727 reviews12 followers
August 29, 2008
Here's how I usually work: I get into something by chance, but then that thing branches off into any number of myriad other new interests. Such is the case with Arthur Machen. Through reading, I ended up in comics. Through comics, I ended up an Alan Moore fanatic. Through Moore, I heard his audio performance 'Highbury Working,' in which Machen appears in a fascinating fashion.
This anthology, the first I've been able to pick up of his work (AUS$4 in Melbourne), is an excellent introduction and got me to read still more (so far, only 'The Three Impostors,' his most recognised work).
Here collected are 4 tales of Lovecraftian horror: "The Great God Pan", "The White People", "The Inmost Light", "The Shining Pyramid." These are not Lovecraftian in the typical use of the term; there are no giant, fantastic beasts with bizarre names being raised by eldritch rites. Instead, these tales evoke the spirit of Lovecraft's other tales, those that hearken back to Poe in their suggestion of greater terror than that which is seen. These four stories share the common bond of ancient religion -- and ancient secrets -- at their core, and I'd be hard pressed to recommend one over another. Get the book and read them all!
Profile Image for Sam.
3 reviews
August 18, 2011
One of my favoutite authors of all time! Understated, under-rated and excellent.
Profile Image for Hector.
81 reviews22 followers
October 3, 2025
I'm giving this such a high rating because the first two stories of this small volume, The Great God Pan and The White People, are extraordinary and among the best of their kind. The other three stories are good, and very illuminating for fans of Lovecraftian horror (The Great Return has elements that seem to have inspired parts of The Call of Cthulhu, The Shadow over Innsmouth, and Kaitlyn Kiernan's stories). I'm surprised Machen isn't anthologized more.
Profile Image for N. M. D..
181 reviews7 followers
December 5, 2023
I read Machen so infrequently that I doubt I could count him amongst my favorite writers. I do this because his writing, so soaked in magic and mystery, is such a joy to read that I don't ever want to have read it all. By the time I have done so--if I ever do--I will have sufficiently forgotten enough to start again, with the mystical touch feeling brand new.
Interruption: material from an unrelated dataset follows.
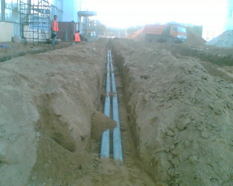 - Расположение траншеи относительно водных и сливных коммуникаций следует делать на расстоянии 1 метра, а от газовых труб 2 метра.

Machen is an early creator of the weird tale. He didn't write about anything so mundane as ghosts like many of his contemporaries. He wrote about the thin, glimmering film over all our eyes that protects us from the truth about reality. Some characters catch a brief glimpse, others have the film removed entirely, usually to disastrous effect.

This collection includes The Great God Pan (one of my all-time favorite shorts that I never grow tired of revisiting), The White People, The Inmost Light, The Shining Pyramid, and The Great Return. What these stories are about isn't as important as how they're told.  Development is subtle, with most stories presented in a fragmented style, each section falling into place like pieces of a puzzle. If you arrive at the conclusion having not paid sufficient attention, you still might not see the final image.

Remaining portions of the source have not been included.